Assessing the performance of subspace-based modal identification procedures for systems subjected to structural damage and Coulomb-friction non-linearities

Abstract

In this paper, the robustness of subspace-based identification methods for modal analysis is assessed for damaging systems including local Coulomb-friction mechanisms (or equivalently elasto-plasticity). The underlying objective is to capture damage-induced modal feature changes of structures, mainly frequency drop-off and damping increase, knowing that the presence of components with participating friction forces also affects modal signature. The performance of several modal detection procedures is assessed using the data acquired during the JVP (french for ‘Jonction Voile-Plancher’) test campaign during which a reinforced-concrete specimen, anchored to a shaking table by the means of swivels, is submitted to several kind of ground motion inputs of varied level.
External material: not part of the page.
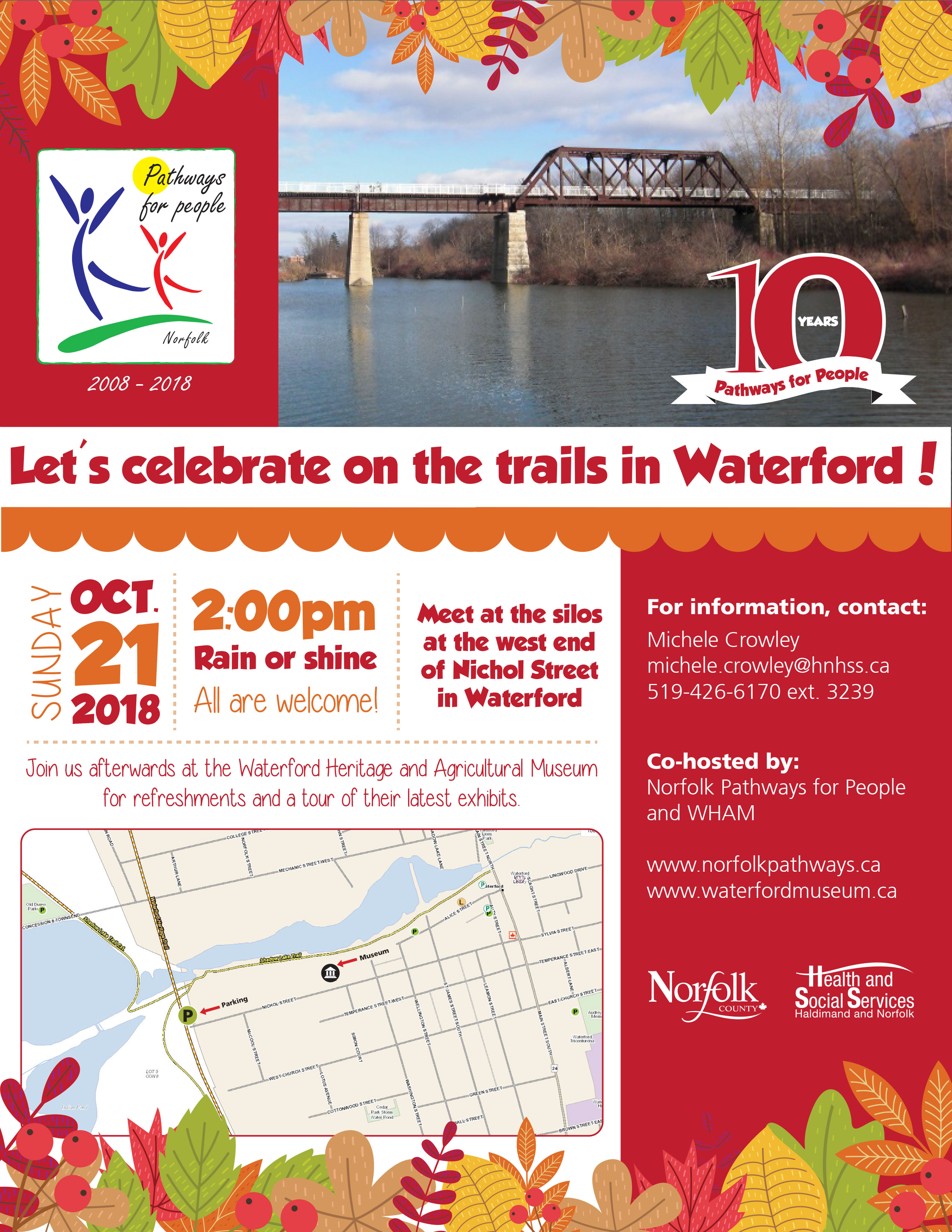 It has been another successful year for the Waterford Heritage Trail thanks to all our members and supporters. Vergeer Golf did an excellent job on the trail from the Waterford Ponds to the Brant Waterways Trail at Jenkins Road. We are very pleased with the volume of traffic and positive comments from those enjoying the trail.

A comparison between Input/Output versus Output-Only identification is made using both seismic and broad-band random inputs and the potentialities of the modal selection procedures are highlighted for different cases where the two kind of non-linearities (damage occurrence and friction at swivels) are activated in different proportions. Regarding the presence of friction forces when conducting modal analysis, experimental results are backed up by a numerical study that enables a theoretical quantification of the apparent frequency and damping ratio values that should be expected after modal analysis for varied input-to-nonlinear forces ratios.